The Montessori Curriculum
The Montessori curriculum has 5 main areas. At Kings Castle, there is a separate room or zone for each area of the curriculum.
Practical life
Using the child’s natural impulses as a point of departure, Montessori developed several activities for the classroom to help the child satisfy this need for meaningful activity. For these exercises she used familiar objects – buttons, brushes, jugs, water and many other things, which the child recognises from his home life. For the young child there is something special about tasks, which an adult considers ordinary, – washing dishes, chopping vegetables and polishing shoes. They are exciting to the child because they allow him to copy adults – one of the strongest urges during his early childhood.
Although the Practical Life exercises may seem simple and common place, each task helps the child indirectly to:
- Develop small and large motor control; hand-eye co-ordination; independence; social awareness; concentration and an ability to think logically.
- Prepares the child for reading, writing, maths and the wider world.
Sensorial
A young child finds out about the world through all his senses. Since he quite naturally uses all his power of observation during his early years, Montessori felt that this was the ideal time to give the child equipment, which would help him to understand the many impressions he receives through them. The Sensorial materials help the child to become aware of detail by offering him at first, strongly contrasting sensations, such as red and blue and then variously graded sensations such as many different shades of blue. Each of the Sensorial materials looks at one defining quality such as colour, weight, shape, texture, size, sound, and so on. The equipment emphasises this one quality by eliminating or minimising other differences. The child learns to distinguish, to categorise and to relate new information to what he already knows. It is brought about by the intelligence working in a concentrated way on the impressions given by the senses.
Language
Montessori always believed that the young child has a natural sensitivity for language. The child has a unique fascination for words, both printed and spoken. This fascination often enables him to begin reading and writing before the age at which it is traditionally taught.
The individual presentation of language materials allows the teacher to take advantage of each child’s greatest periods of interest. The child therefore learns to write not by writing but by performing a number of purposefully structured activities, which prepare him both indirectly, and directly for facility in handwriting.
Mathematics
Montessori demonstrated that if a child has access to mathematical equipment in his early years, he could easily and joyfully assimilate many facts and skills of arithmetic.
Montessori designed concrete materials to represent all types of quantities after she observed that the child who becomes interested in counting likes to touch or move the items as he counts them.
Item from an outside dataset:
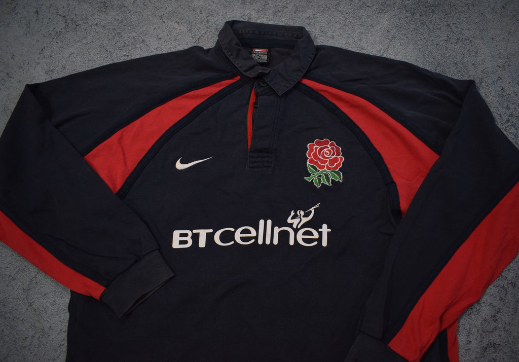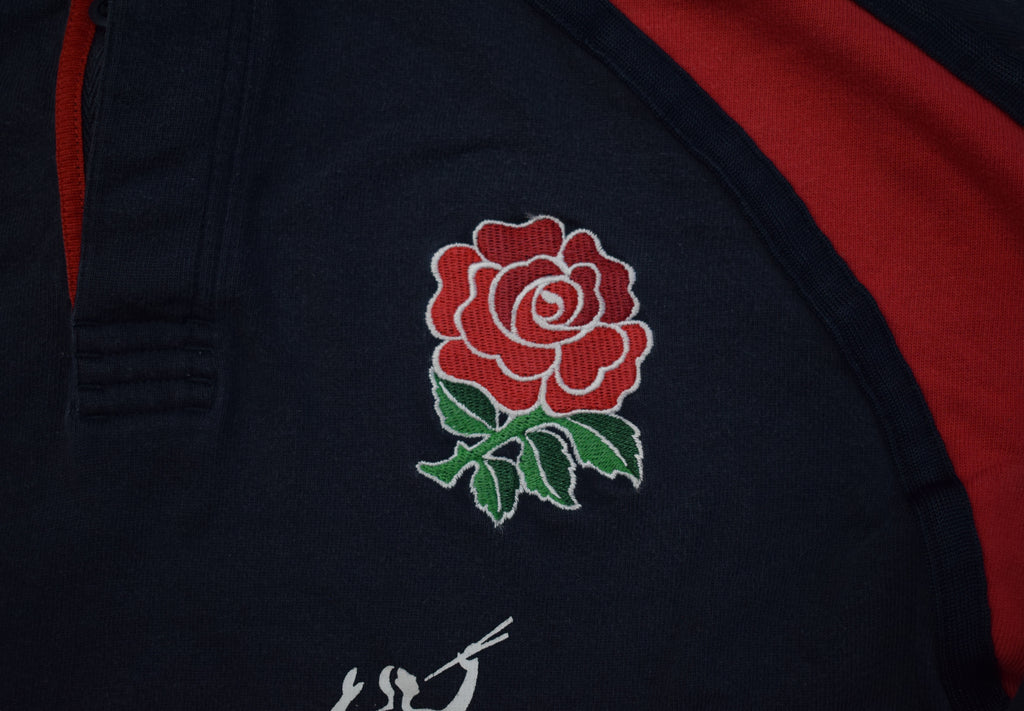 Description: Incredible jersey, reminiscent of a young Jonny Wilkinson. Lovely thick cotton and I love the sponsor on this jersey. It really blends in well with the design and doesn't hog too much space.

Later, by combining this equipment, separating it, sharing it, counting it and comparing it, he can demonstrate to himself the basic operations of arithmetic. These activities give him the satisfaction of learning by discovery rather than by being told.
Culture
Science; Ecology; Geography; Zoology; Botany; Music (singing and rhymes) / Dancing / Drama; History; Art and Craft; Religion and Cookery are all incorporated into our nursery week. We also encourage the interests of each child and embrace local, national and global activities, events and traditions to give our children a fascinating introduction to the culture, nature and geography of the people and the world around us.